● **Action item**
The answer must consist only of the lines in the records below from the line with "Have a clear" to the line with "銀銅合金手鐲,整器由金屬條製", both included, copied word for word with every picture left out.

==== Record set

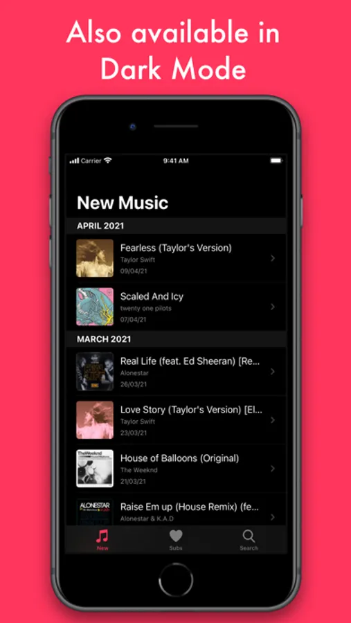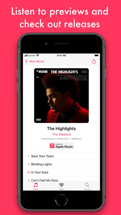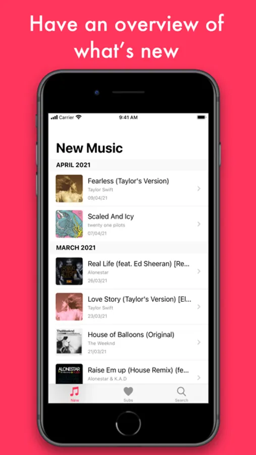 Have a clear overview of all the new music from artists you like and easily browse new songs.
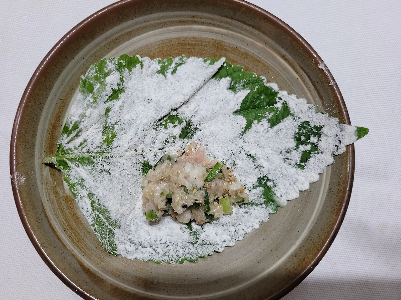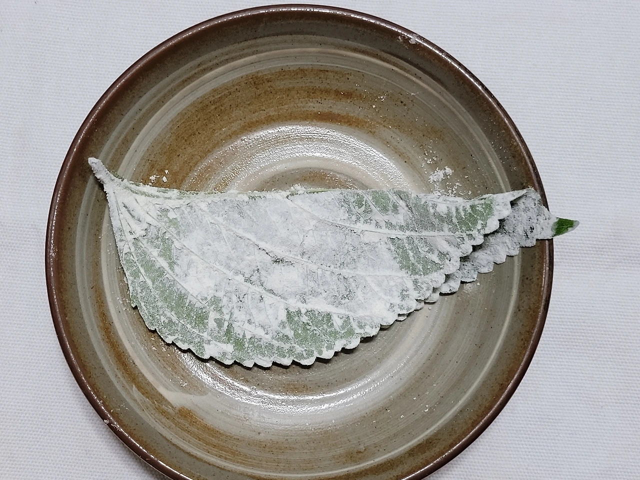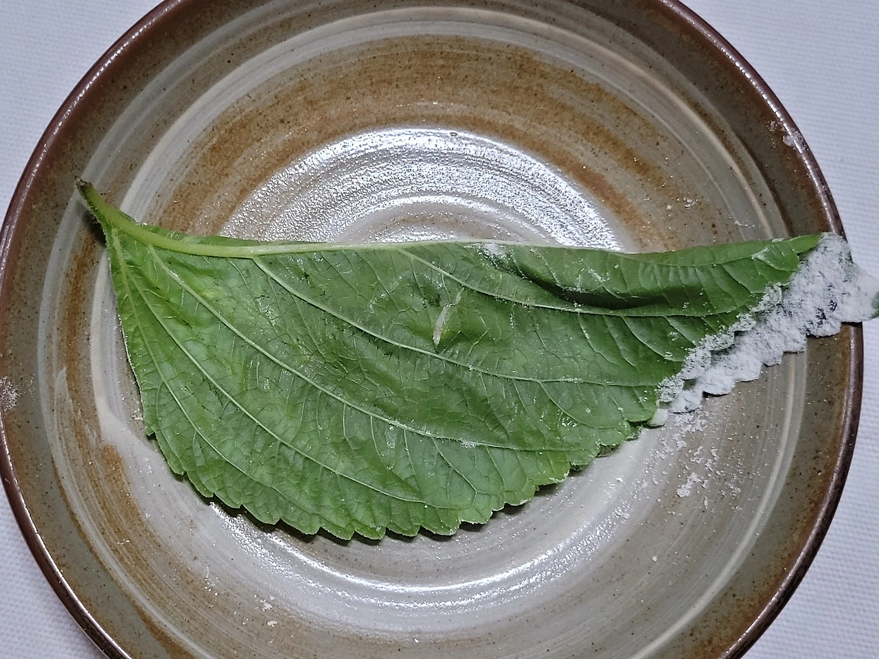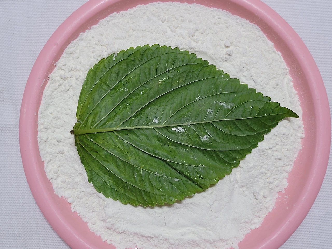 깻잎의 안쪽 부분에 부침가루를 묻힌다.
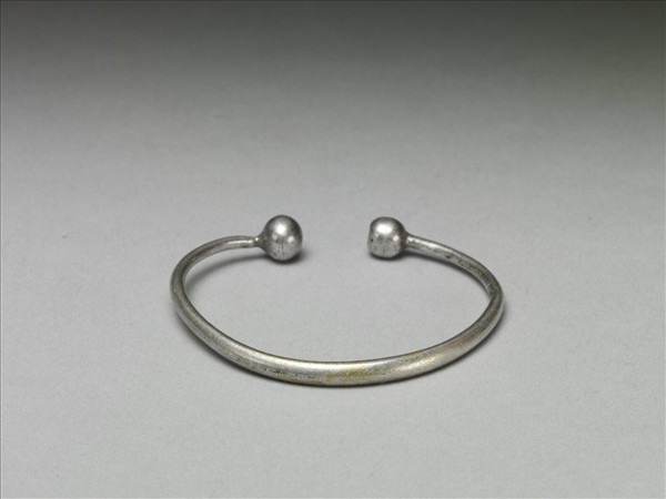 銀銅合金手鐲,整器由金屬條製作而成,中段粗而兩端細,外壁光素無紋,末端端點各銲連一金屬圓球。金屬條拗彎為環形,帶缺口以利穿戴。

========
==== Record set

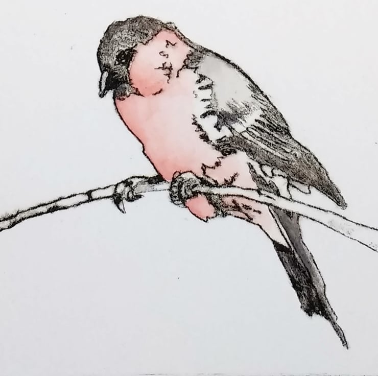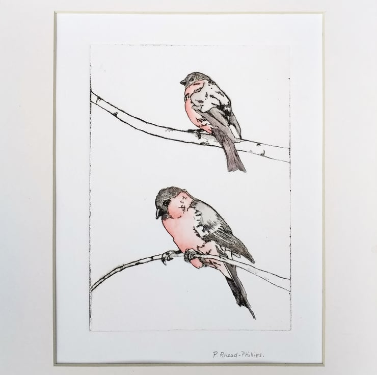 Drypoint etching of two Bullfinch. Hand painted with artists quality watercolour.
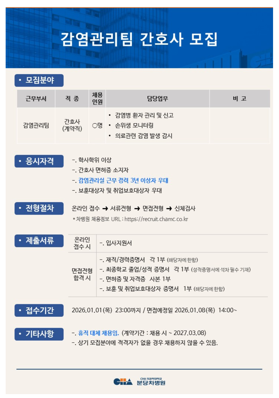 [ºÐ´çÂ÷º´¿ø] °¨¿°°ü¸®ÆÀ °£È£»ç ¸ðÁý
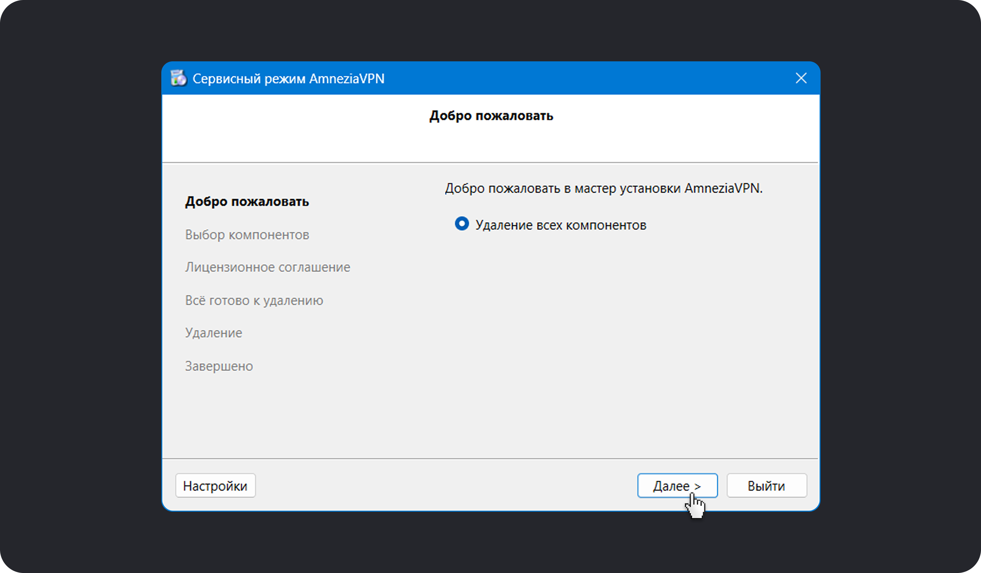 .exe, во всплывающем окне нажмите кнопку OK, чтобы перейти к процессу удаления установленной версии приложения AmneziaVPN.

========

● **Answer section**
 Have a clear overview of all the new music from artists you like and easily browse new songs.
 깻잎의 안쪽 부분에 부침가루를 묻힌다.
 銀銅合金手鐲,整器由金屬條製作而成,中段粗而兩端細,外壁光素無紋,末端端點各銲連一金屬圓球。金屬條拗彎為環形,帶缺口以利穿戴。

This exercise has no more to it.